What worries and frustrates me is not disagreements themselves in issues but is lack of a proper close based on adequate communication for mutual knowledge.

My old questions

Let me look over my five questions:

1. if one member's opinion truly represents the team's consensus.

My apologies!

I'm rather new here. Only just now I checked your title: "Development lead for the TypeScript team at Microsoft".

Oh, that can be enough as an answer.

If I had done the checking before, I would not have asked this question.

2. if there are other members who may be relevant but have not noticed the issue yet.

This question probably can be answered as the first one.

However, I still wonder: Is your team a large one? If so, how do your team make sure an issue can be seen and discussed by relevant members?

Github doesn't seem to have a "which team members have read which issues" feature. Only when a member has left a comment can we be sure they have read and thought over.

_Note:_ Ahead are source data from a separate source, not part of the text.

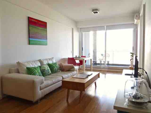 Wake up with the beautiful green view of the trees in the background, in this warm and comfortable apartment in the lively neighborhood of Palermo, surrounded by museums, shops, supermarkets and plenty of nice restaurants/bars to have a drink at sunset...With an unbeatable location it is an excellent starting point to visit the different neighborhoods of Buenos Aires. Building with security 24h/day. Internet speed 100 Mbps The apartment is cleaned with extra precautions and sanitized thoroughly. Apartamento de 50 m2 con vista verde, con balcón, en el corazón de Palermo. Tiene 1 dormitorio con cama matrimonial y 1 sillón cama de 1 plaza en el living. Black out en dormitorio y living. Posee caja de seguridad. Excelente ducha. Equipado con Internet Wi-Fi, posee 2 TV : una de 42" en el living y otra de 32" en la habitación con Netflix, 2 aires acondicionados, calefacción, microondas, tostadora, 1 gran heladera, cafetera y termo eléctrico, tender extensible para el secado de la ropa, plancha y tabla de planchar. El departamento ha sido reformado en mayo 2016, esto incluye pisos nuevos, colchón nuevo de alta calidad así como ropa blanca. En diciembre 2016 se colocó una cocina nueva, eléctrica. Me encuentro disponible en el celular para cualquier solicitud, consulta o recomendaciones sobre la ciudad de Buenos Aires o sobre el departamento. Apartment located in a safe and lively area, with a fantastic location that includes green spaces and an important gastronomic and cultural center very much appreciated of the city. Near the main cultural and touristic attractions. Steps from all means of public transport. Walking distance to Malba Museum. Only 10' from the Jorge Newbery National Airport. Ubicación muy práctica para moverse en BA con todos los medios de transporte públicos a 3 cuadras en Av.Las Heras y a 1 cuadra en Av.Libertador. Personas adicionales sin cargo. Se hace una limpieza general por semana con cambio de ropa blanca sin cargo. El departamento tiene puerta blindada y abajo en la recepción hay guardias de seguridad las 24h. Posee caja de seguridad.
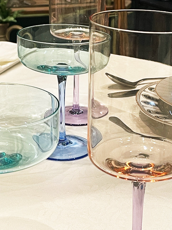 The 'Rainbow' glasses are classic with a modern touch, timeless pieces that will add style to your table, combined with other glasses of the same collection or mixed with different glasses and glasses.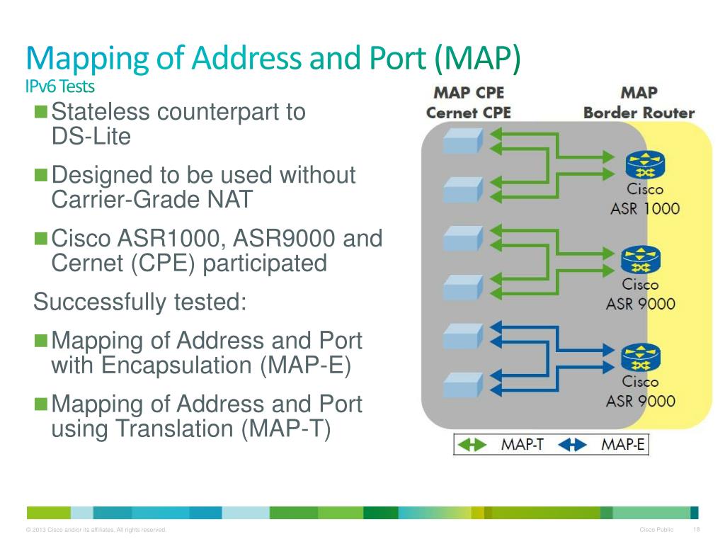 Mapping of Address and Port (MAP)IPv6 Tests • Stateless counterpart to DS-Lite • Designed to be used without Carrier-Grade NAT • Cisco ASR1000, ASR9000 and Cernet (CPE) participated Successfully tested: • Mapping of Address and Port with Encapsulation (MAP-E) • Mapping of Address and Port using Translation (MAP-T)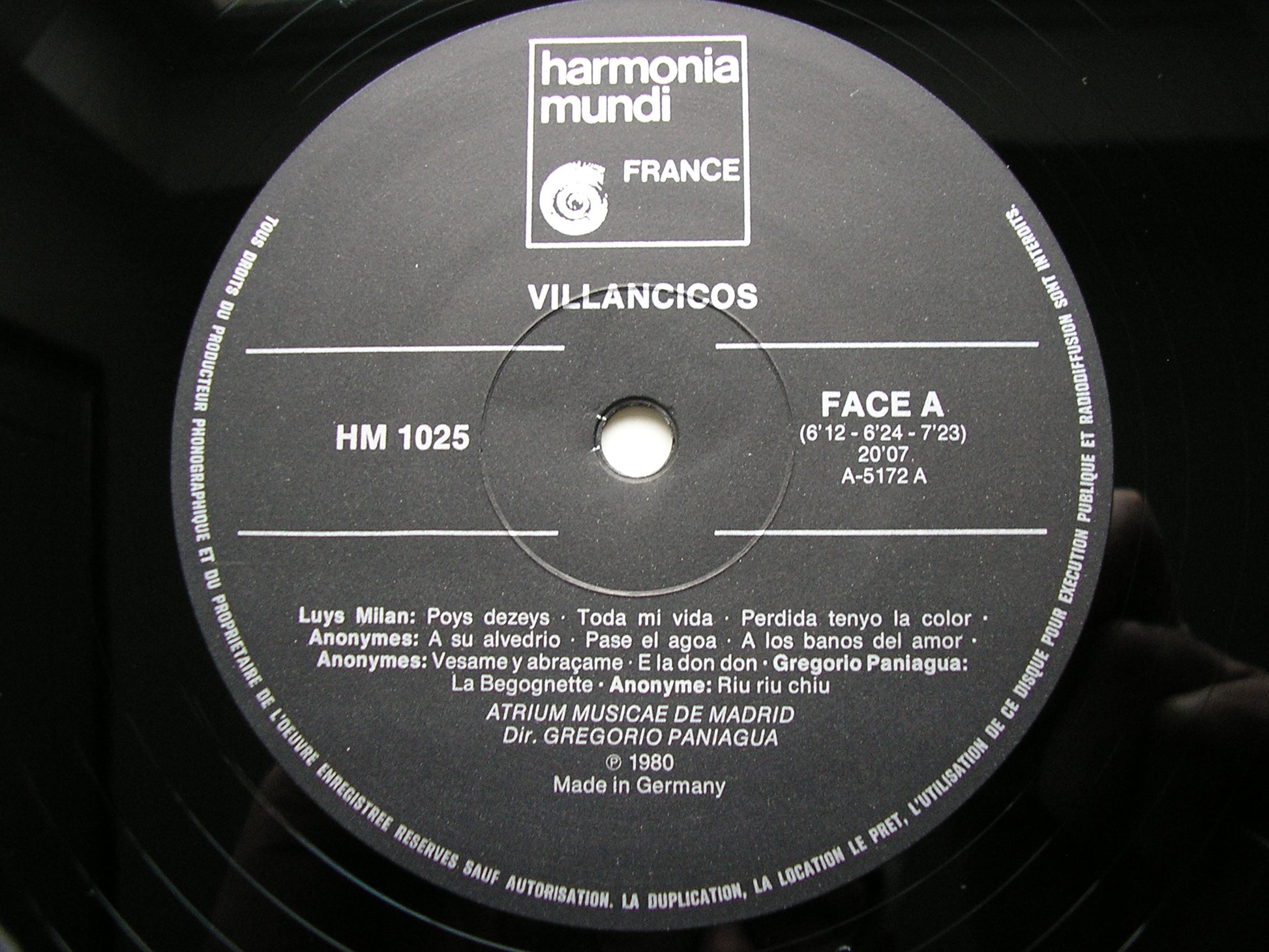 HM 1025  VILLANCICOS: SPANISH FOLKSONGS OF THE 15th & 16th CENTURIES    ATRIUM MUSICAE DE MADRID / GREGORIO PANIAGUA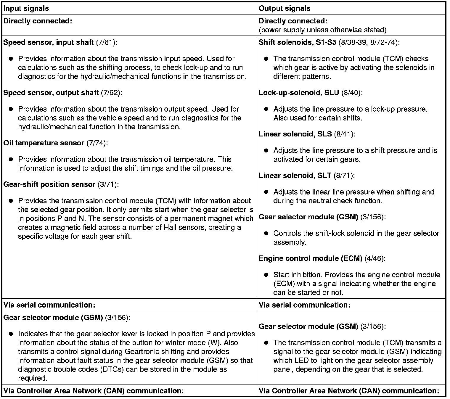 The table below summarizes the input signals to and output signals from the transmission control module (TCM). The signal types are divided into directly connected signals, serial communication and controller area network (CAN) communication. The illustration below displays the same information with the Volvo component designations.

Maybe your team also use another system to track the activities of members which are not visible in GitHub?

3. if there is a "referee" who is not a "player", so that they can evaluate issues impartially, without direct stress from the burden of work.

Maybe you are?

Anyway, this question is not important compared wtih the deep problem emerged in your second reply.

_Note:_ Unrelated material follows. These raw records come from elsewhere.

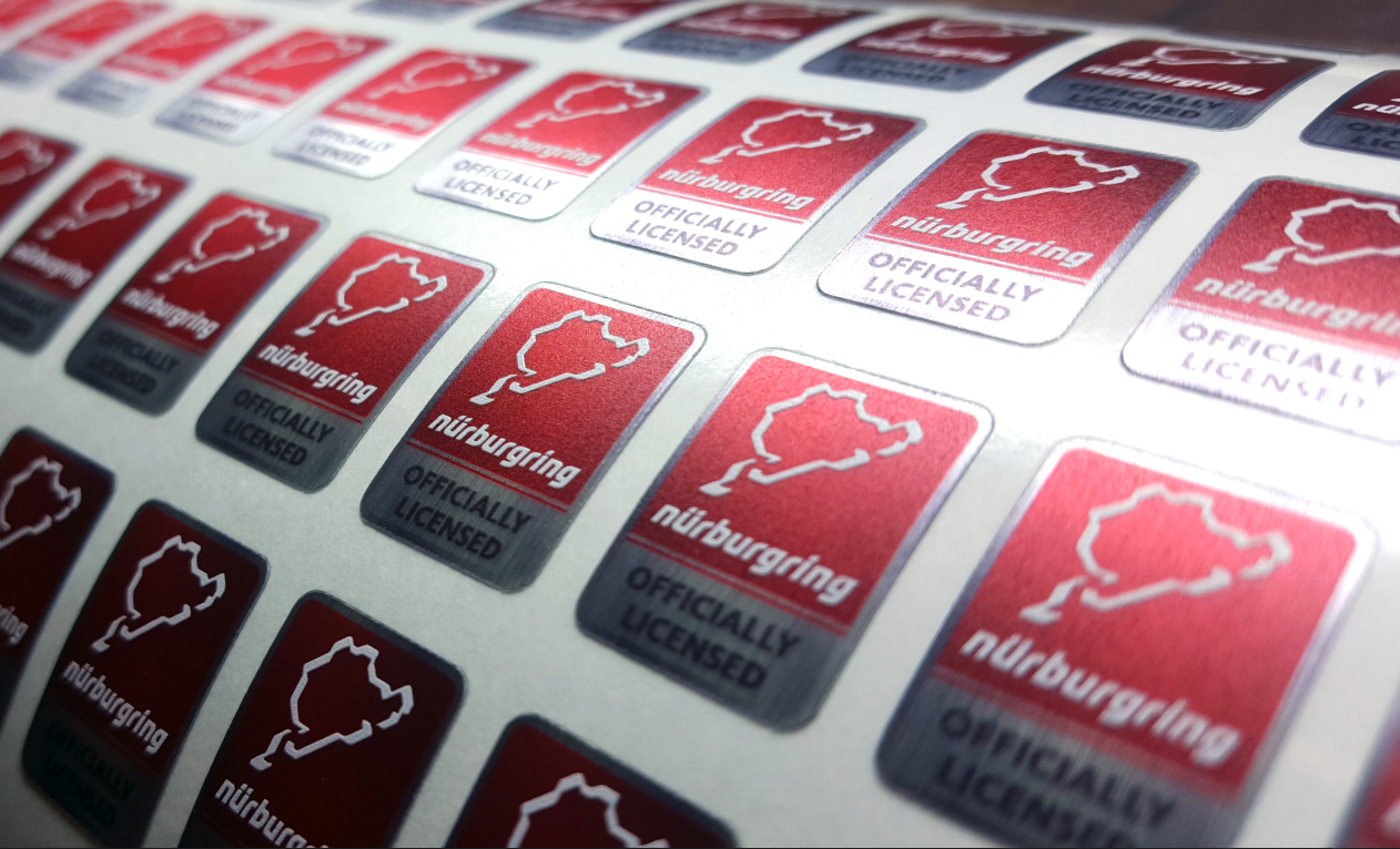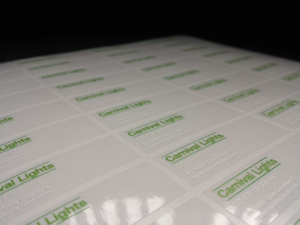 Aufkleber aus Metallfolie mit Sonderfarbe weiß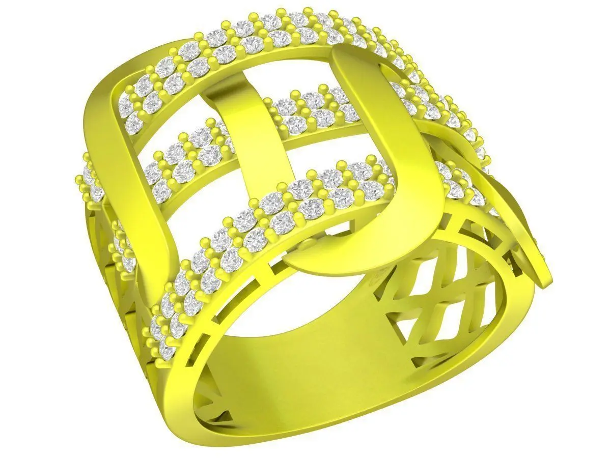 This luxury geometric pavé statement ring is a high quality 3D jewelry model designed for premium fine jewelry production and realistic visualization. The design features an intricate interwoven structure with multiple pavé set surfaces, creating a bold architectural appearance and strong visual depth.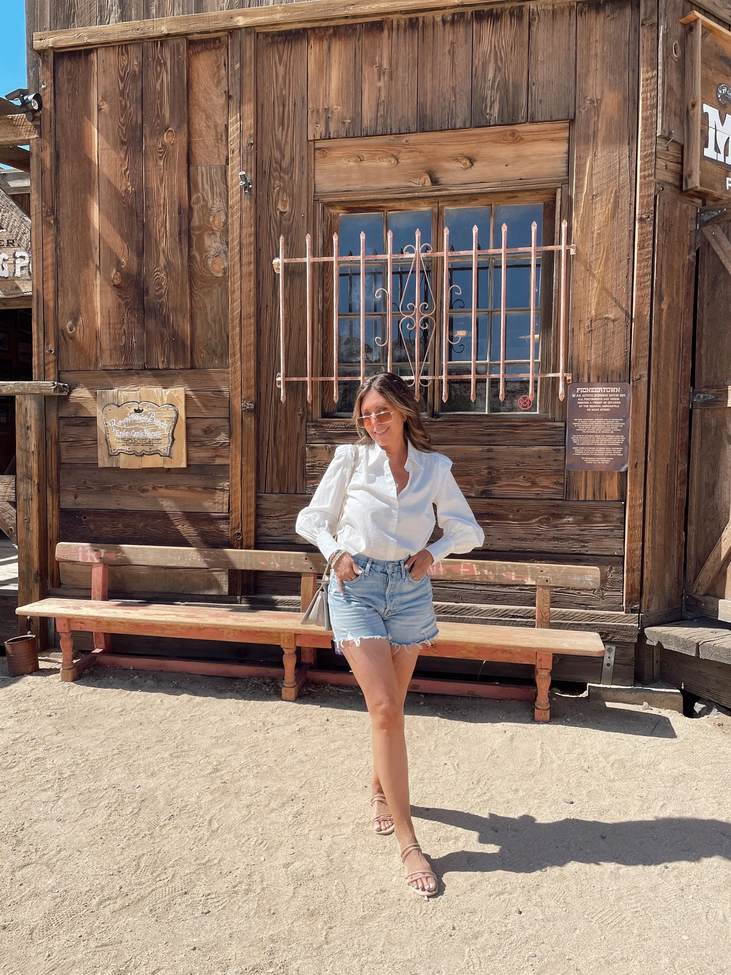 SHOP St. Roche top, Agolde denim shorts, and Dolce Vita sandals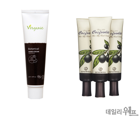 <사진. 베르가닉_보태니컬 핸드크림(왼쪽), 제니스웰_올리브 실키 핸드크림>

4. how to demonstrate that an issue adversely affects considerable users and how to prove it is worth considering with moderate seriousness.

This a key one. But let's discuss it in another issue.

5. how to motivate someone who has essentially told us they don't like troubles while we are unable to offer any substantial incentive.

Well, similar to Question 3, this one is not important.

My new questions and thoughts

  1. There is room to improve the feedback to the people who are waiting, if not have left with confusion, dejection or anger.

  2. The specific policy behind #16665 explained in your second reply, is a result of the dilemma of your team as "a pig in the middle" between different groups of users.

Your hardworking team deserves better.
And users with more reasonable, modest requests deserve better.

The situation needs to be addressed.


I will write about the two topics respectively soon.

This issue as an initial discussion has served its purpose and can be closed.